Start with Grok Imagine. Fastest (~32 seconds), cheapest (~$0.05), and it generates audio automatically with every clip – which matters more than it sounds. A short video with ambient sound is meaningfully more shareable than the same clip silent. Validate your prompt here before spending on a pricier model.

One thing nobody documents clearly: Kling 3.0 takes 11 to 21 minutes. If you submit a task and your terminal timeout is 10 minutes, you will never see the result. I added a retrieve subcommand for exactly this:

# Submit the task -- you'll see a task ID and then a timeout message
uv run python ai-video-create.py video --model kling-3 --prompt "..."
# > Task ID: abc123, polling...
# > Timeout reached. Retry with: retrieve --task-id abc123

# Come back later and pick up the result
uv run python ai-video-create.py retrieve --task-id abc123

The retrieve subcommand polls once, downloads if the video is ready, or exits cleanly with the retry command printed out if it’s still rendering. No state file to manage, safe to run multiple times.

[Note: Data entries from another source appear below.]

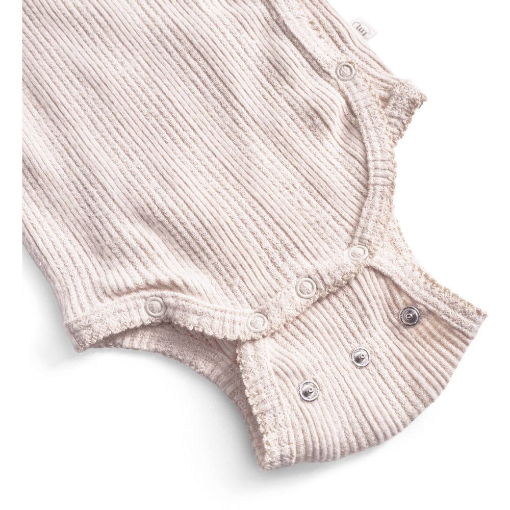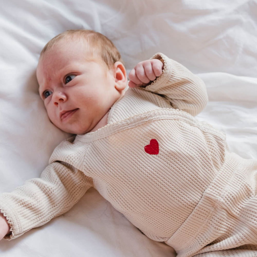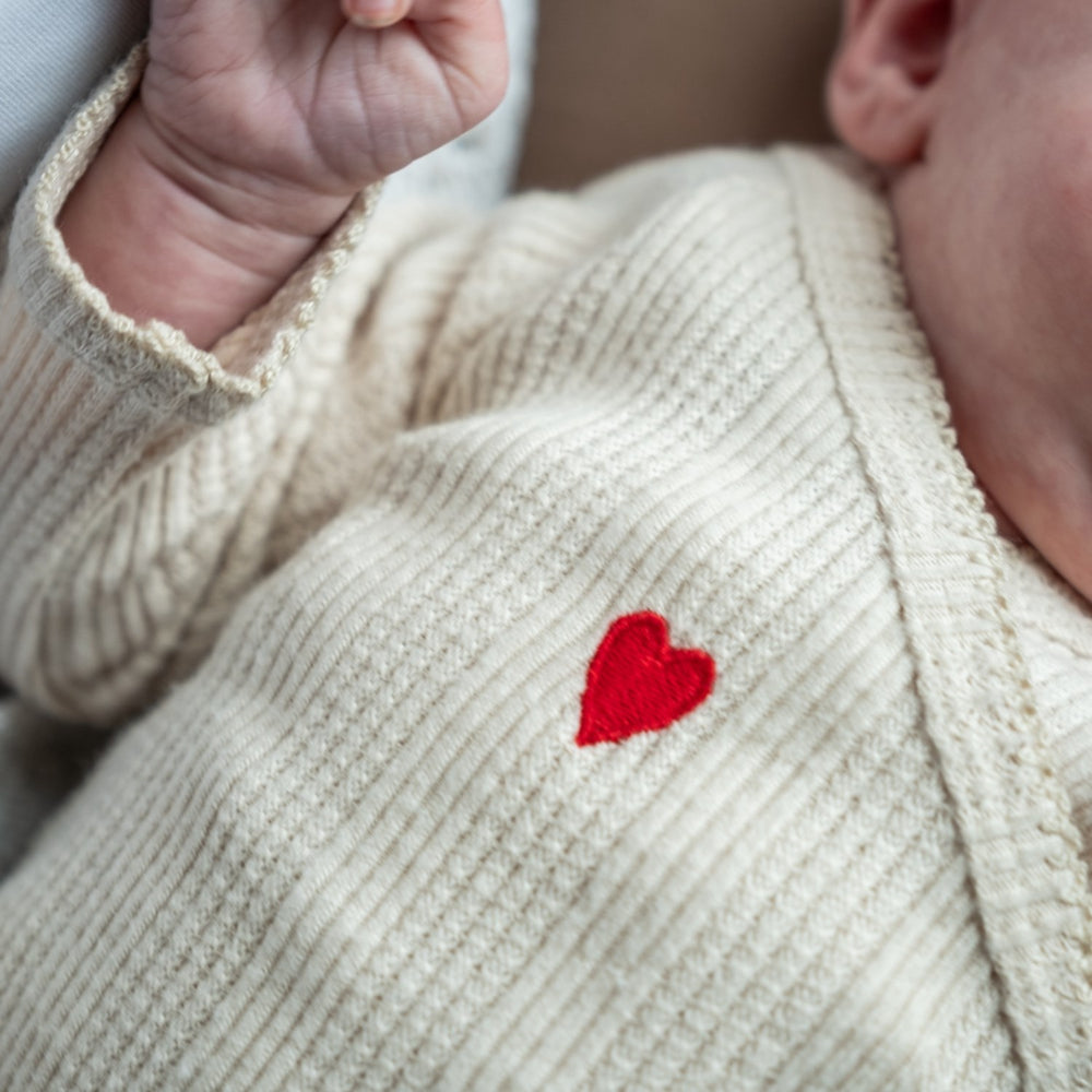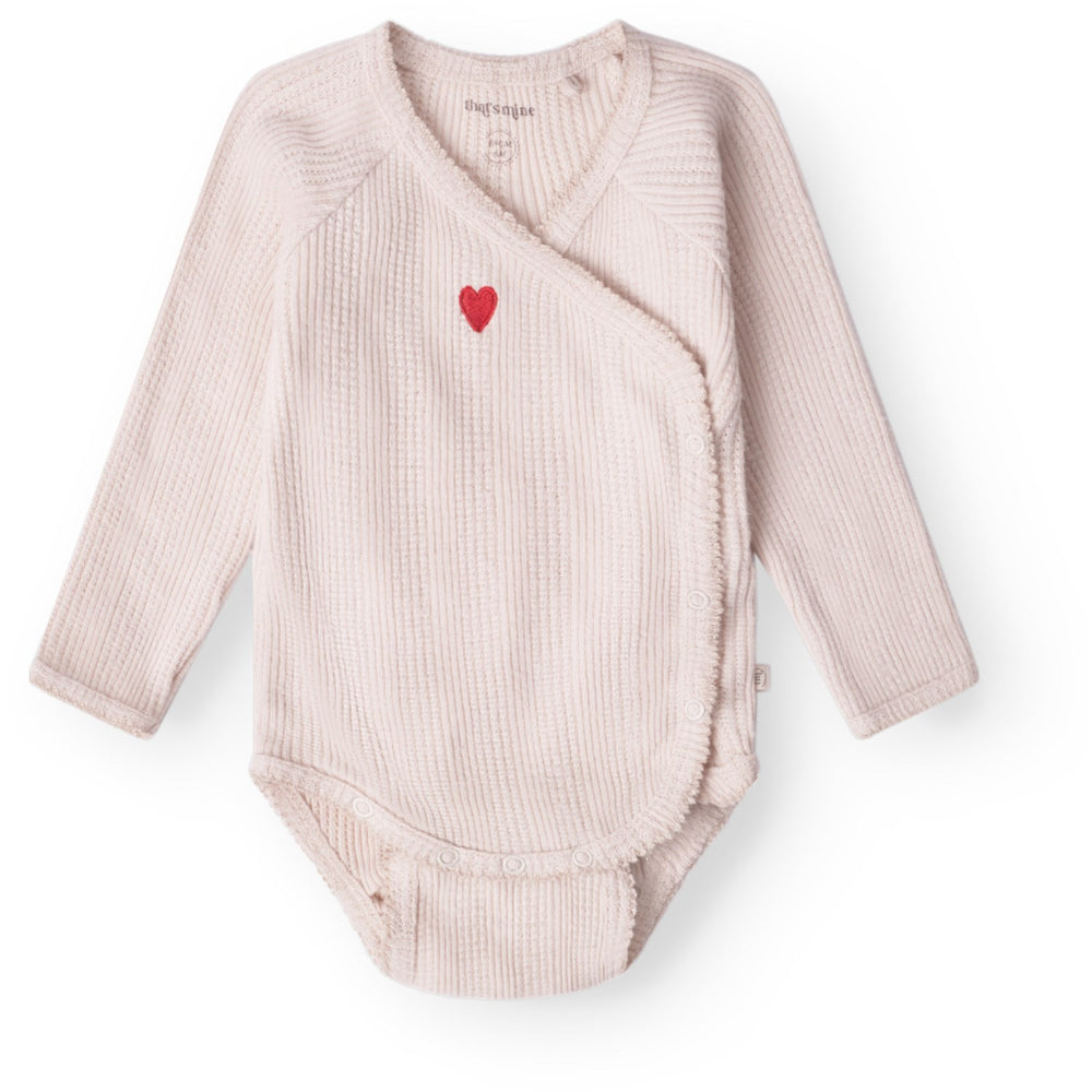 Introduce your little one to comfort and style with the "That's Mine Perfectly Pale Silke Wrap Bodystocking." Crafted for the delicate skin of newborns, this bodysuit features a charming wrap design enhanced with exquisite detailing. The soft, pale hue complements the gentle pattern, adding a touch of elegance. Ensure a perfect fit as your baby grows with the dual rows of adjustable snaps. This bodystocking not only promises ease of wear and care but also keeps your baby comfortable all day long. Perfect for everyday charm, it's an essential addition to your newborn’s wardrobe. Materials: 100% organic cotton Washing instructions: Remember to follow washing and user instructions
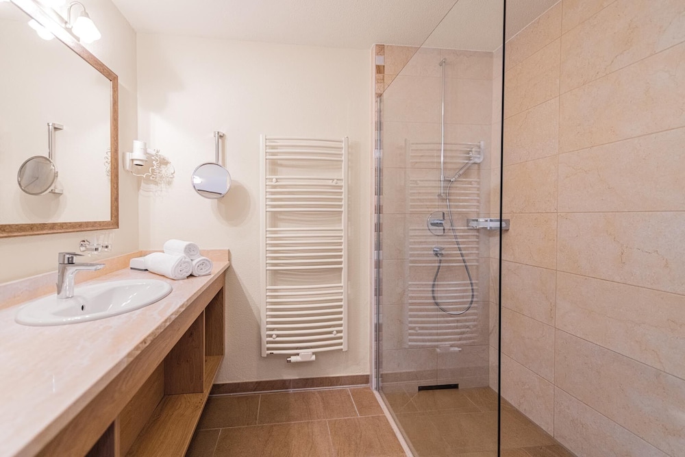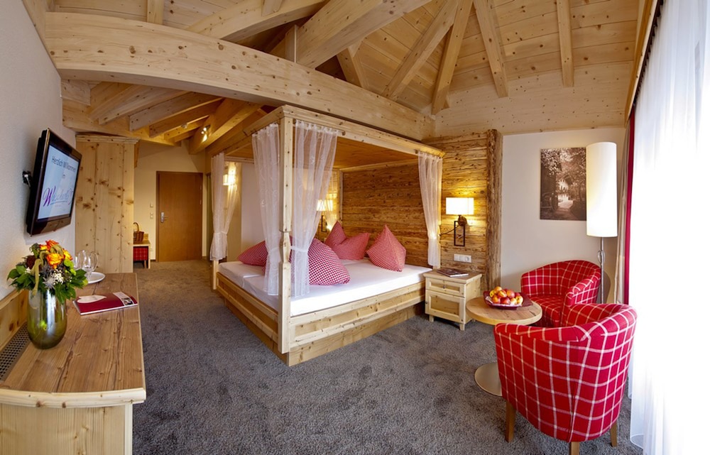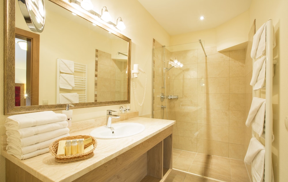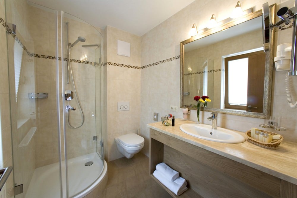 Nice hotel in beautiful surroundings. A family feeling spa hotel in classic all style, even the staff dressed traditionally. Everyone was very welcoming and chit-chatting with guests. Nice relaxing outside pool area where we spent most of the time. Free lunch och cake buffet every day at 13.30. Rooms are ok but the pool area was the nicest part of the hotel
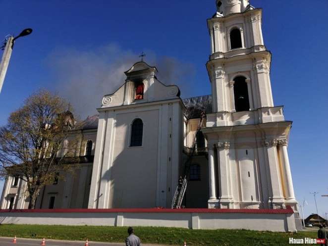 Пожарные по рациям передали, что изнутри костела действовать невозможно. Работают на лестницах. На пожар съехались бригады из всех соседних районов Минской и Витебской областей.
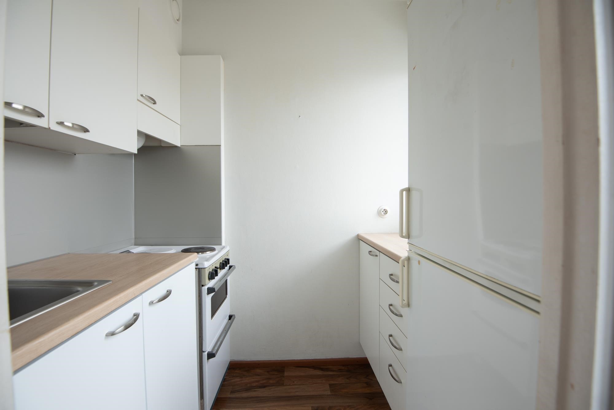 - Jääkaappipakastin, lattialiesi, kaapistot.
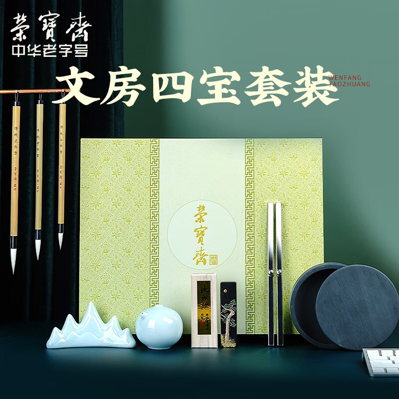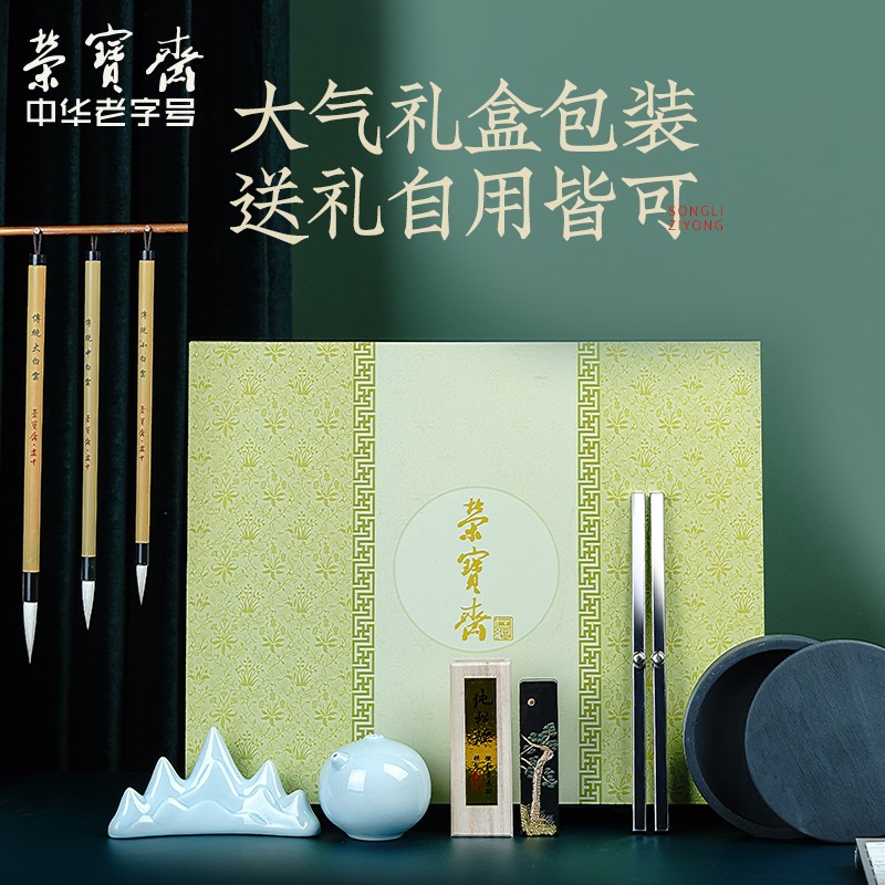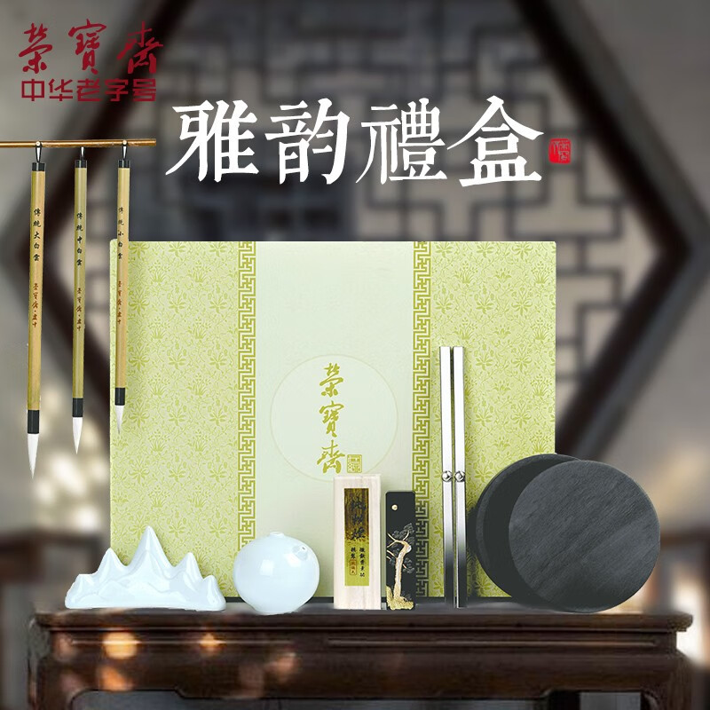 荣宝斋 文房四宝毛笔套装 宣纸砚台镇尺自用送礼文具笔墨纸砚礼盒 雅韵-精品礼盒装价格:299.00元!
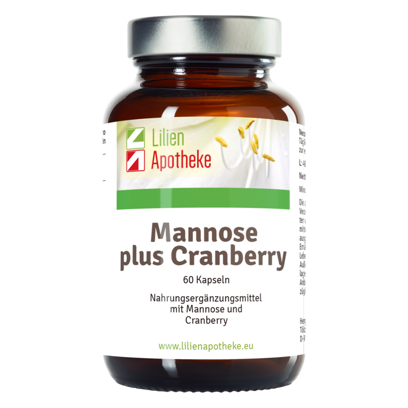 D-Mannose, Überzugsmittel Hydroxypropylmethylcellulose (Kapselhülle), Füllstoff mikrokristalline Cellulose, Cranberry-Extrakt
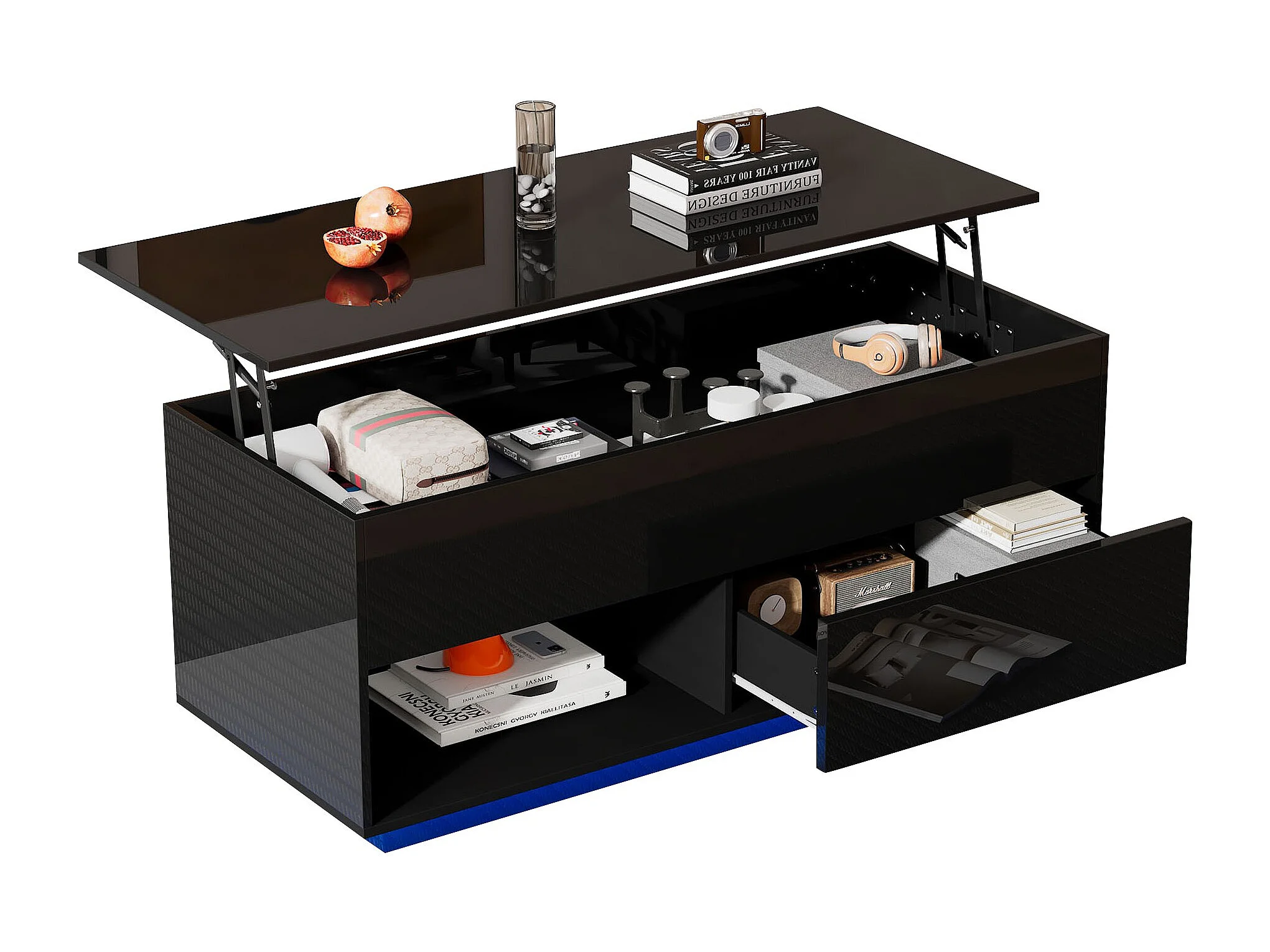 Salontafel 100x50x55cm LED Hydraulisch Hefsysteem Meerlaagse Opbergruimte Zwart voor Woonkamer
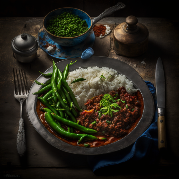 The dish is served on a bed of fluffy white rice, helping to soak up the delicious sauce, providing a comforting and filling base for the meal. The green beans add a healthy dose of fibre and vitamins, balancing out the richness of the beef and the spiciness of the sauce.
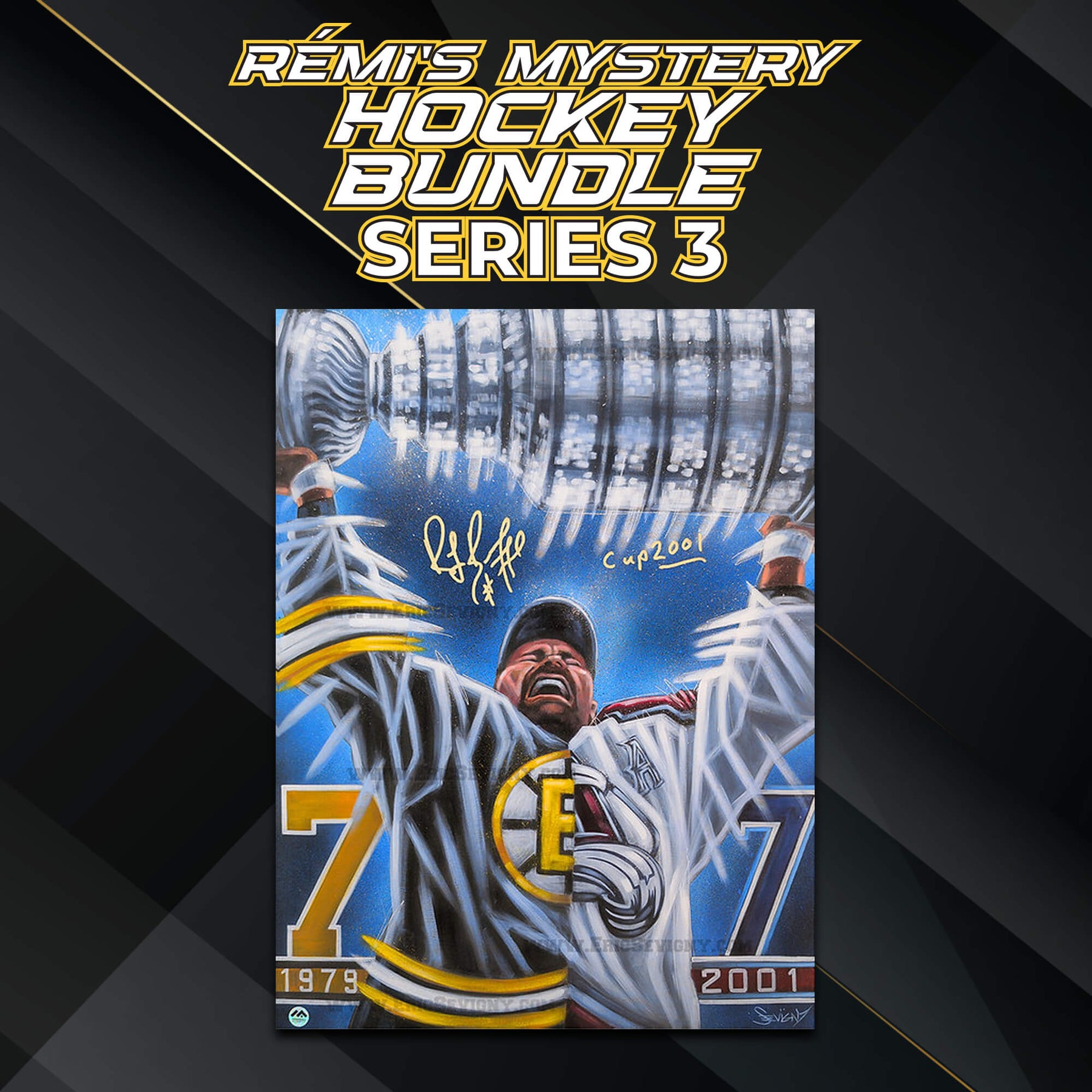 - 7️⃣ Toile 20x15 Ray Bourque /15 Auto (Éric Sévigny) – 450 $

When a “unified API” means three completely different APIs

Here’s where experienced developers will want to look more closely.

KIE.ai bills itself as a unified API. The standard flow is: POST /api/v1/jobs/createTask, poll GET /api/v1/jobs/fetchTaskResult, download. About 90% of the models follow this path and the code for them is largely shared.

The other 10% is the interesting part.

Google Veo 3.1 doesn’t use the standard createTask endpoint at all. It has its own endpoint (/api/v1/veo/generate), its own flat payload format (not the standard {model, input} wrapper), and its own polling endpoint (/api/v1/veo/record-info) that returns successFlag integers – 0, 1, 2, or 3 – instead of the state strings every other model uses. Even the response structure is different: you get data.response.resultUrls with direct download links, no URL conversion step needed.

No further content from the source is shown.